Ils sont aujourd’hui 14 % en Inde, soit environ 175 millions de personnes, contre 80 % d’hindous.

Superficiellement, l’amendement à la loi sur la citoyenneté adopté le 11 décembre par le Parlement fédéral se présente comme généreux : il vise à accorder l’asile et la citoyenneté rapide aux immigrés sans papiers de trois pays voisins (Pakistan, Afghanistan, Bangladesh). La loi modifiée énumère explicitement six religions « acceptables » (christianisme, bouddhisme, hindouisme, etc.). Avec une exception énorme : l’islam.

Les réfugiés musulmans ne sont pas les bienvenus en Inde : c’est ce que dit cette loi sans précédent, qui provoque de nombreuses manifestations, parfois réprimées avec violence (23 morts depuis 10 jours).

Le gouvernement se défend en disant que ces pays voisins sont musulmans, et que « dans un pays musulman, un musulman ne peut pas être persécuté » — dixit Amit Shah, ministre de l’Intérieur, nationaliste réputé « dur », accusé de vouloir transformer l’Inde en un pays strictement hindou.

Si les persécutions des chrétiens du Pakistan ou des hindouistes du Bangladesh sont indéniables, on pourrait opposer à M. Shah l’exemple des Hazaras, population chiite de l’Afghanistan, en butte aux attaques de l’État islamique et des sunnites ultras. Sans oublier toutes les raisons non religieuses pour lesquelles un musulman (ou une musulmane) d’Afghanistan ou du Bangladesh pourrait vouloir l’asile politique.

 
 

Pour les protestataires, ceux qu’on a vus dans les villes comme New Delhi et Mumbai, cet amendement est un affront à la laïcité fondatrice de l’Inde. Le scandale est que ce texte va inscrire, pour la première fois dans l’histoire du pays, la religion comme critère de naturalisation.

Ce qui a donné à certaines des manifestations une tonalité « multicommunautaire urbaine », avec des appels répétés à la tolérance et des dénonciations de l’ultranationalisme du BJP, le parti du premier ministre, Narendra Modi.

Mais dans une mosaïque complexe comme l’Inde, les motivations des protestataires peuvent varier. Dans un État comme l’Assam (extrême est du pays, non loin de la Birmanie et du Bangladesh), la critique contre la réforme a d’autres fondements.

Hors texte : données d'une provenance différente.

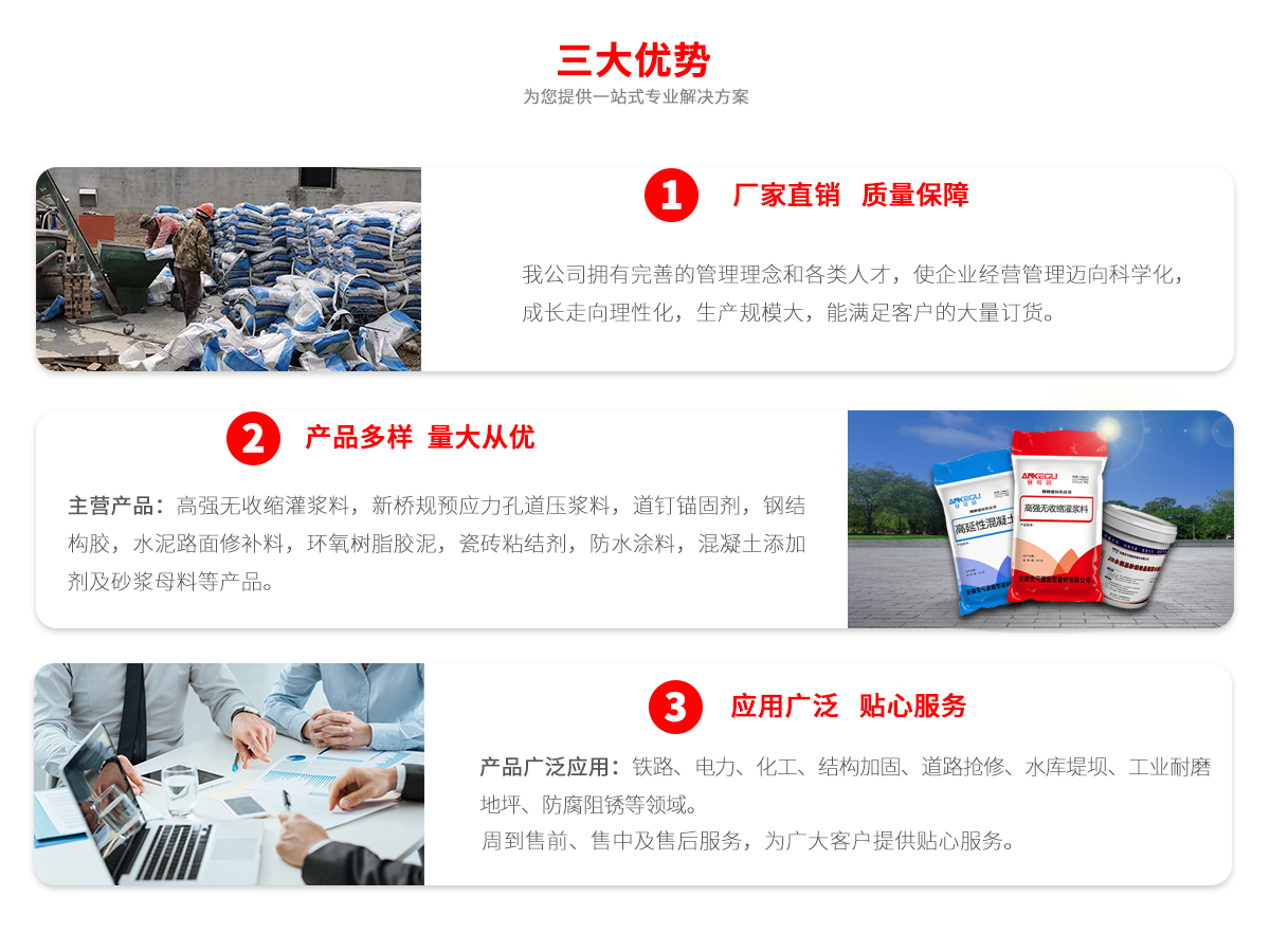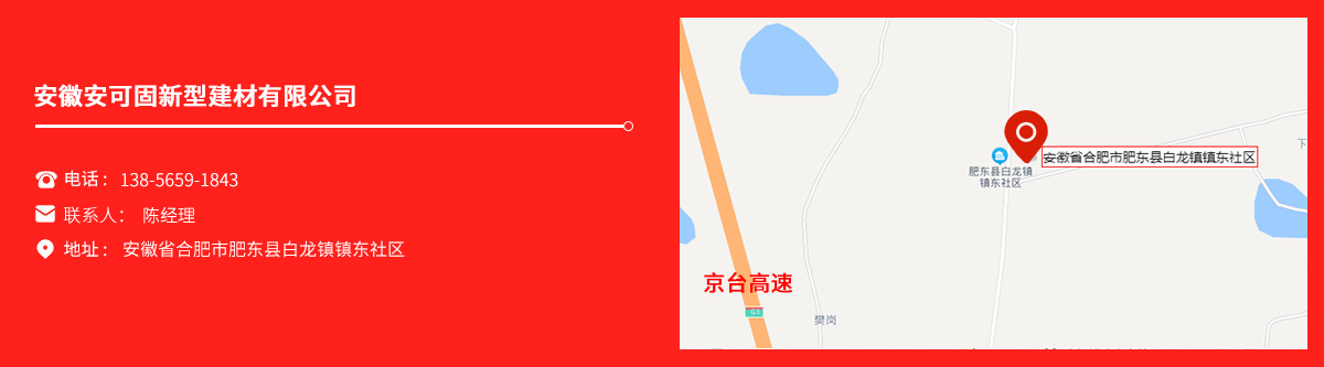 安徽安可固新型建材有限公司是一家集科研、生產(chǎn)、銷(xiāo)售與技術(shù)咨詢(xún)?yōu)橐惑w的特種建材企業(yè)。公司主營(yíng)產(chǎn)品:高強(qiáng)無(wú)收縮灌漿料,灌漿料,支座灌漿料,新橋規(guī)預(yù)應(yīng)力孔道壓漿料,道釘錨固劑,鋼結(jié)構(gòu)膠,水泥路面修補(bǔ)料,環(huán)氧樹(shù)脂膠泥,環(huán)氧灌漿料,瓷磚粘結(jié)劑,防水涂料、堵漏,混凝土添加劑及砂漿母料等產(chǎn)品。 安徽安可固新型建材有限公司產(chǎn)品廣泛應(yīng)用于鐵路、電力、化工、結(jié)構(gòu)加固、道路搶修、水庫(kù)堤壩、工業(yè)耐磨地坪、防腐阻銹等領(lǐng)域。...
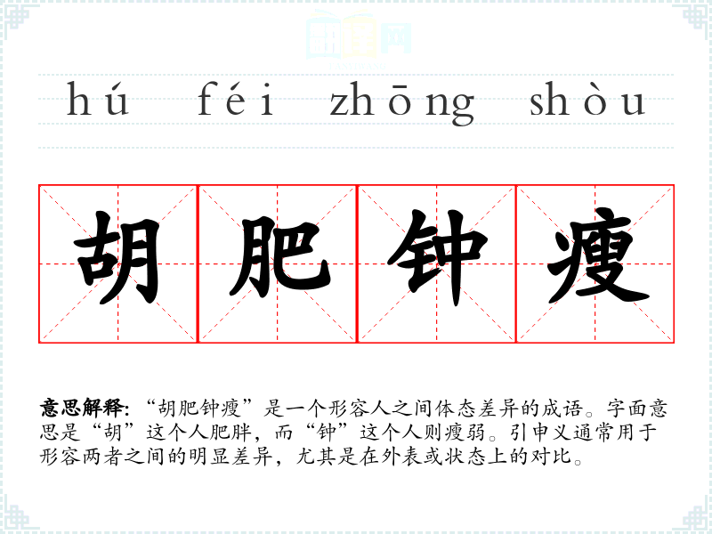 “胡肥钟瘦”是一个形容人之间体态差异的成语。字面意思是“胡”这个人肥胖,而“钟”这个人则瘦弱。引申义通常用于形容两者之间的明显差异,尤其是在外表或状态上的对比。
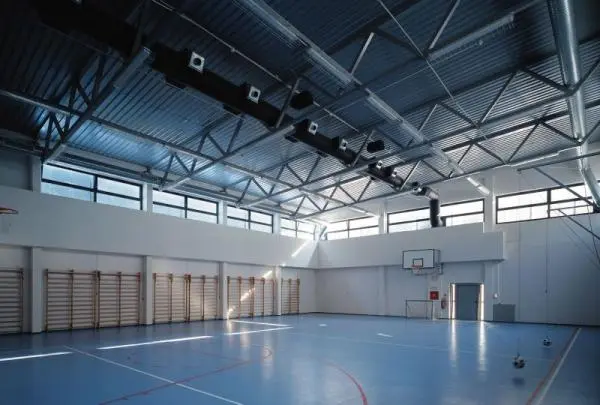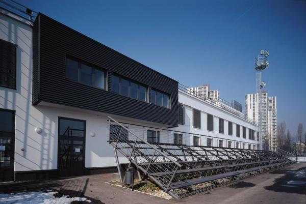 The building is energy efficient with underfloor heating/cooling with boiler room and the Sport hall is acclimatized with climate chamber. All windows in the offices and public rooms are shaded by sliding aluminum blinds.
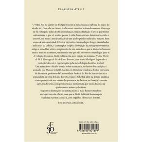 O velho Rio de Janeiro se desfigurava com a modernização urbana do início do século XX. Com ela, os valores tradicionais também se transformavam. Gonzaga de Sá é atingido pelas drásticas mudanças. Sua inadaptação o leva a questionar criticamente o que vê, sente e pensa. A vida desse obscuro funcionário, culto e sensível, em meio à mediocridade de um poder público ridículo e nefasto, bem como de uma sociedade frívola e hipócrita, é marcada por longas caminhadas pelas ruas da cidade, a contemplar a rápida destruição da paisagem urbanística antiga e a meditar sobre o surgimento de um mundo em que a alienação humana mais e mais se acentuava, um mundo em que não encontrava mais lugar para si. A Coleção Clássicos Ateliê publica esta nova edição do romance Vida e Morte de M. J. Gonzaga de Sá, de Lima Barreto, com texto fidedigno, depurado e estabelecido com o rigor exigido pela metodologia da crítica textual. Um minucioso e lúcido estudo sobre o romance, exclusivo desta edição, é assinado por Marcos Scheffel. Mestre em literatura brasileira, doutor em teoria da literatura, professor da Universidade Federal do Rio de Janeiro (UFRJ) e especialista na obra de Lima Barreto, Marcos Scheffel, além da leitura analítica e interpretativa de seu ensaio de apresentação da obra, esclarece e comenta aspectos do texto, com proficiência e pertinência, por meio de cerca de quatrocentas notas explicativas. Sugestivas ilustrações do artista plástico Kaio Romero também enriquecem esta edição, com que a Ateliê Editorial homenageia o célebre escritor carioca e, com orgulho, oferece aos leitores. [José de Paula Ramos Jr.] Coleção Clássicos Ateliê Apresentação e Notas: Marcos Scheffel Estabelecimento de Texto: José de Paula Ramos Jr. e Marcos Scheffel Ilustrações: Kaio Romero
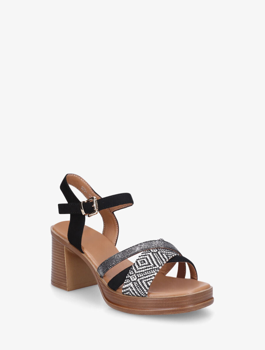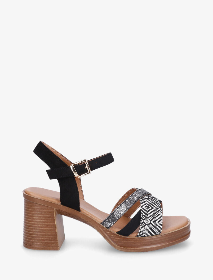 Sandales à talon à imprimé losanges - Noir - 1

C’est que là-bas, la nouvelle loi permettrait la naturalisation en bloc de centaines de milliers d’hindouistes du Bangladesh aujourd’hui sans papiers. Or, l’Assam est à 35 % musulman et on y craint l’immigration massive comme perturbatrice des délicats équilibres locaux.

Ajoutons-y que l’Assam est dans le collimateur du gouvernement Modi depuis plusieurs mois. Cette année, on y a testé localement une autre mesure — qui sera bientôt étendue à tout le pays — qui doit instaurer un « Registre national de la citoyenneté » (NRC), en vertu duquel tout le monde doit fournir des preuves écrites de sa citoyenneté. Dans les zones les plus pauvres et les moins alphabétisées du pays, même des citoyens légitimes peuvent avoir du mal à produire de tels documents.

La combinaison de ce NRC et de l’amendement sur la citoyenneté a pour but, selon les critiques du gouvernement, de permettre une épuration en douce de la population musulmane.

C’était assez explicite dans la bouche du ministre de l’Intérieur lorsqu’il avait énoncé ses priorités en avril : « Premièrement, nous présenterons le projet de loi sur l’amendement de la citoyenneté […] pour régulariser les réfugiés hindous, bouddhistes, sikhs, jaïns et chrétiens […]. Ensuite, nous mettrons en oeuvre le NRC pour éliminer les infiltrés dans notre pays. »

L’amendement a provoqué, outre des manifestations qui ne cessent pas, une cinquantaine de recours judiciaires, dans un pays où la Cour suprême s’est déjà montrée capable, par le passé, de casser des lois. Il est prévu qu’ils seront entendus en janvier. Peut-être est-ce là que réside le principal espoir des protestataires.

François Brousseau est chroniqueur d’affaires internationales à Ici Radio-Canada. Cette chronique fait relâche jusqu’au 13 janvier 2020.